By this time in February, 2006 I had been in hospital three times, had had two ultrasound scans on different parts of my body, plus a CT scan. As I left the Radiography department after the latter I was informed that it would take two weeks to learn of the results. Twenty four hours later the phone rang. It was my GP, inviting me to see him that morning.

A day afterwards I underwent a biopsy under X-ray conditions. The pain I had woken up with on New Year's Day was on my side but the so-called 'abonormality' in my body could only be reached through my back. I was told it would take two weeks to find out my results, but that if I wanted to I could ring them on Friday afternoon in case they got them done before the weekend.

'At what point did you know?' my friends asked me, when I told them the news of my formal diagnosis of non-Hodgkin's Lymphoma. The truth is I knew when I went to see my GP. That was the first time the possibility of Lymphoma was discussed. But it was not his use of the word (I only knew it meant 'bad') which frightened me, it was his eyes, a tiny flicker, not of doubt, but recognition.

Looking back at it now I think I knew even earlier in the process.

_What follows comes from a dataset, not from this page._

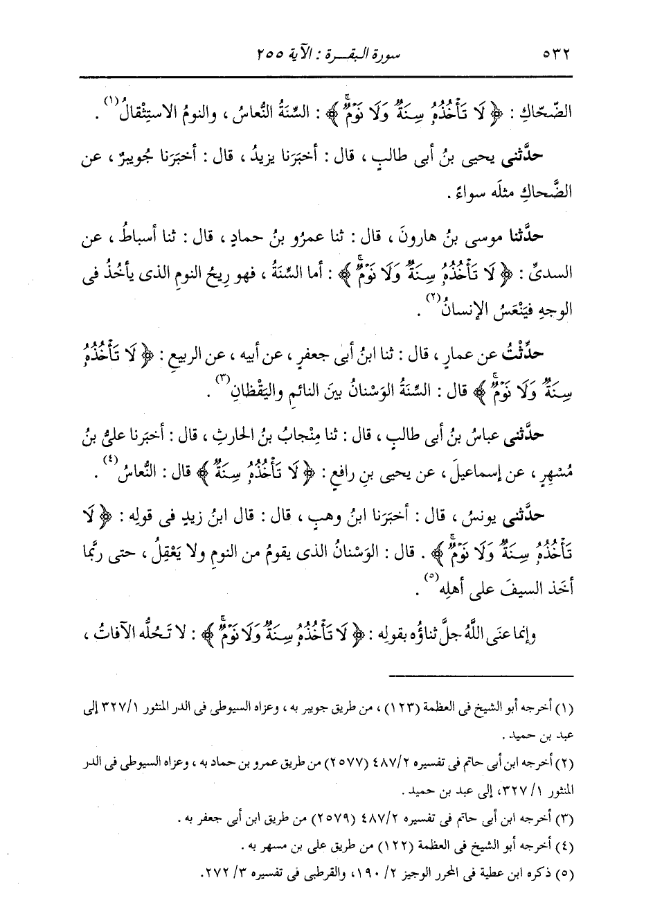 حَدَّثَنِي مُوسَى، قَالَ: ثنا عَمْرٌو، قَالَ: ثنا أَسْبَاطٌ، عَنِ السُّدِّيِّ: {§لَا تَأْخُذُهُ سِنَةٌ وَلَا نَوْمٌ} [البقرة: 255] أَمَّا سِنَةٌ: «فَهُوَ رِيحُ النَّوْمِ الَّذِي يَأْخُذُ فِي الْوَجْهِ فَيَنْعَسُ الْإِنْسَانُ»

It was another man's eyes, the radiographer who conducted my first ultrasound scan, which alerted me to the seriousness of my situation.

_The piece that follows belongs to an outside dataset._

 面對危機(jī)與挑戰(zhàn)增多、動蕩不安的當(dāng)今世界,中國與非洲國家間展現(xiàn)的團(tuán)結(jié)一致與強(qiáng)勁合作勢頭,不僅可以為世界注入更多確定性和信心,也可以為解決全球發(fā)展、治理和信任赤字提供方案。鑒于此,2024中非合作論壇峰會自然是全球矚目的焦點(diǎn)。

Long before he used the word 'abnormality' I saw them darting backwards and forwards with a kind of rapt wonderment in front of the screen (which I could not see) as his hand pushed the sensor around, not on my side, where I hurt, but on the lower right of my tummy, which felt fine.

Signed off temporarily from work so I could undergo these tests, I absolutely knew I would not be returning for a long time. Friends and colleagues, none of them doctors, reassured me with the mantra that it was 'probably nothing' and that the mass inside me was most likely a polyp, filled with liquid. 

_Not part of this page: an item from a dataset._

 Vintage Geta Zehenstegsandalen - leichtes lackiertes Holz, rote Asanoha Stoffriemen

The friends I looked forward speaking to the most were those who gave me advice in the forms of specific questions to ask or actions I could take, the best of which was to invest in a box-set of the American sitcom of my choice ASAP.

 

Tumour

 

You gave me time to notice –

apple blossom, hand movements,

the light taking leave of rooms.

I would like to claim

new attention to my children

but the truth is they grew up

whether I watched them or not.

Mostly I slept.

You began in midsummer.

It took till February to find you.

By then all I knew were symptoms:

insomnia, night sweats, a cough I could not shake off.

Because of you I revisited old Lps –

I did not want to die

not having fried onions to Grover,

made bubbles to This Mortal Coil.

The script writers of Frasier

helped me recover from you,

plus condensed milk and broccoli –

though not at the same time.

Eventually I drank coffee again.

You reacquainted me with my guilt –

the way I glared at S

after she’d poured out her heart

in the autumn of endless nights

with nothing but the wind for company.

I chose songs, having you,

and invented ceremonies by rivers.

(But I found no poetry in you.)

 

You saved me from talking about house prices.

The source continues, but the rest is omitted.